Deletion of 1 million records with BulkWrite (DeleteManyModel ) taking longer time

Hi Team,
I have collection of 5 million records and every time data refresh happens , i wanted to delete Approx. 1 Million records. I am using below java code but it taking 30 Sec to delete. that is to high for application response time. Please suggest me better approach to reduce query response time.

I have created compound index on fields which i am using in where clause.
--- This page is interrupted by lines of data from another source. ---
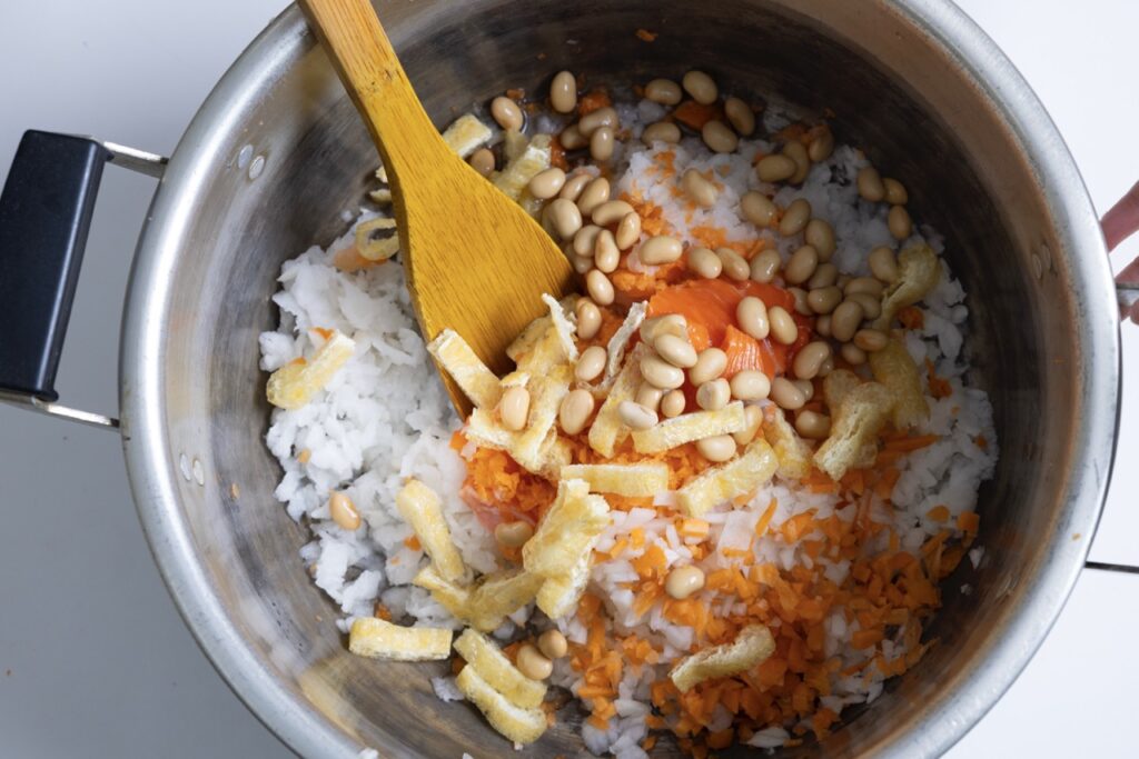 4 サケ、油揚げ、大豆の水煮を加え、中火にかける。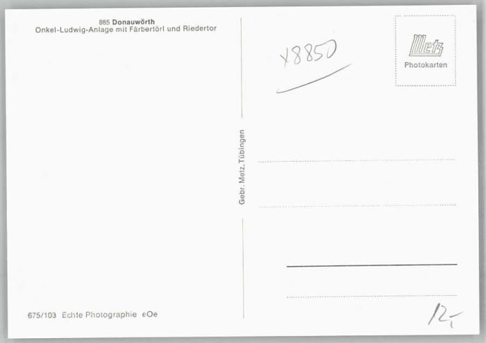 40242927 Donauwoerth Bayern nkel-Ludwig-Anlage Faerbertoerl Riedertor * postalisch nicht gelaufen Alte Ansichtskarte Postkarte Katcode 11110009779131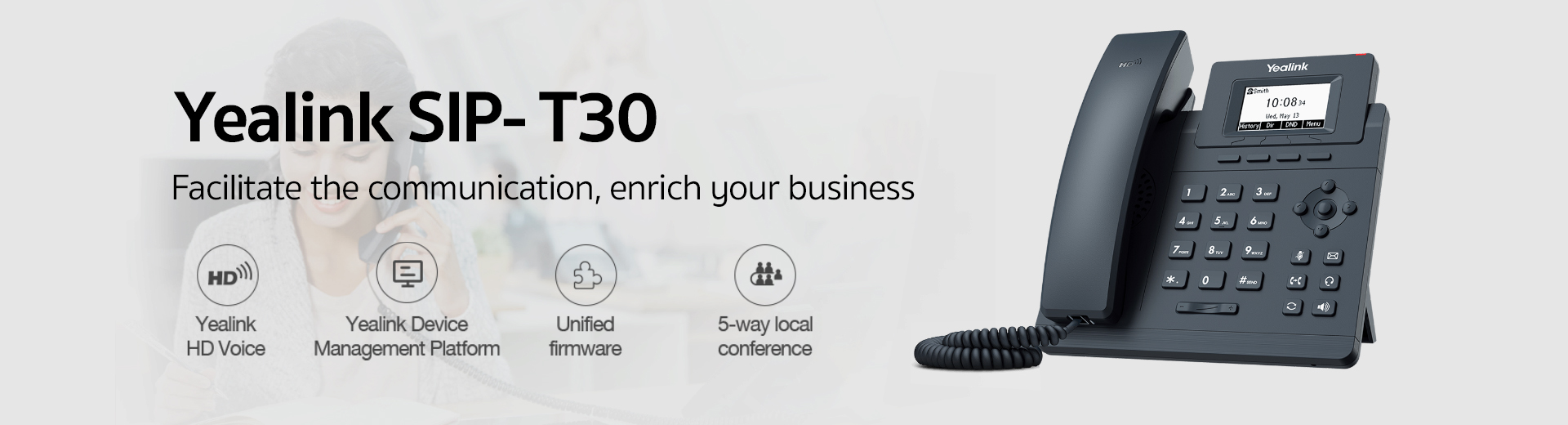 A classic IP phone for small business users, the SIP-T30 delivers a fashionable and user-friendly dialing experience. It has a generously large 132x64-pixel graphical LCD that guarantees an easier access to much more visual information at a glance. Dual 10/100 Mbps network ports makes SIP-T30 an ideal choice for extended network use. The SIP-T30 offers support for single VoIP account and includes 5-way local conferencing. It includes EHS35 support for Yealink wireless headset plus adjustable multi-angle stand support and has been designed very specifically for efficient work.

Created compound index on these field : {“collection_id” : 1,“client_id” : 1,“version” : -1}

package com.sample.db.mongo;
import java.util.ArrayList;
import java.util.List;

import org.bson.Document;
import org.json.JSONObject;

import com.mongodb.MongoClient;
import com.mongodb.client.MongoDatabase;
import com.mongodb.client.model.BulkWriteOptions;
import com.mongodb.client.model.DeleteManyModel;
import com.mongodb.client.model.WriteModel;
public class InsertingDocumentBulk {
   public static void main( String args[] ) {
      //Creating a MongoDB client
      MongoClient mongo = new MongoClient( "localhost" , 27017 );
      MongoDatabase database = mongo.getDatabase("integ28");

    long start = System.currentTimeMillis();
        
	List<WriteModel<Document>> deleteManyModel = new ArrayList<>();
  	JSONObject dataVersion = new JSONObject().put("$lt", 23);
	JSONObject jsonQuery = new JSONObject();
	jsonQuery.put("collection_id", "123321");
	jsonQuery.put("version", dataVersion);
	jsonQuery.put("client_id", "8");
	
	BulkWriteOptions bulkWriteOptions = new BulkWriteOptions();
	bulkWriteOptions.ordered(false);
	bulkWriteOptions.bypassDocumentValidation(true);
	 
	deleteManyModel.add(new DeleteManyModel<Document>(Document.parse(jsonQuery.toString())));
	database.getCollection("BulkInsertTesting").bulkWrite(deleteManyModel,bulkWriteOptions); 
	   
    	System.out.println(System.currentTimeMillis() - start);  

    System.out.println("Document Deleted successfully");
   }
}

Performances are influenced by the characteristics of your configuration.

So those numbers might be totally appropriate depending of your setup.

What are the characteristics of the machines running mongod? RAM, disk, replica sets, …

Indexes are also an important factor. Deleting documents implies that ALL indexes are updated. If your index {“collection_id” : 1,“client_id” : 1,“version” : -1} exists only for the purpose of your delete then updating the sole purpose index might be the one causing the problem. So removing it might improve your performances.

If removing the index is slower or impossible then you might want to consider adding a field that marks if a document is to be deleted. When the user action causing the delete occurs, you simply mark the documents. This should be fast because no indexes are updated while the user is waiting for a response. You then write a small delete task that distribute over time the physical deletion.

Hi Steevej,
When you say,

When the user action causing the delete occurs, you simply mark the documents

Can you enlighten me more on how to implement this?
I’m currently doing bulk deletes of billion records in batches of 100k and my sharded cluster is overloaded with cache pressure. Almost everytime it’s at 5% dirty mark with 80% disk IO utilization. I’m using local SSD’s with provisioned IOPS. Trying to understand if the way you suggested somehow tackle the deletion overhead. Looking forward to hear

Share the code you use to do the following:

Why are you doing by batches? Why not in a single operation? How many documents still remain in the collections when all the batches are removed?

collection.updateMany( { query that specifies the documents to delete } ,
  { "$currentDate" : { "deleted" : { "$type" : "date" } } } )

This comes with the caveat that all your other normal queries must now specify

“deleted”:{“$exists”:false}"

This technique may help; no indexes are updated; or not as documents not in RAM must be read from disk and written back. It has to be tested with you use-cases. The advantage is that you can implement undo for your deletes.

The biggest question is what kind of use-case requires

How many time data refresh happens?

May be your model has to be revised rather than trying to fix this performance issue.

Performance issues are often cause by one of the following:

  1. insufficient hardware for the use-cases
  2. wrong model for the use-cases

Hopefully, it won’t take another 5 months before a followup.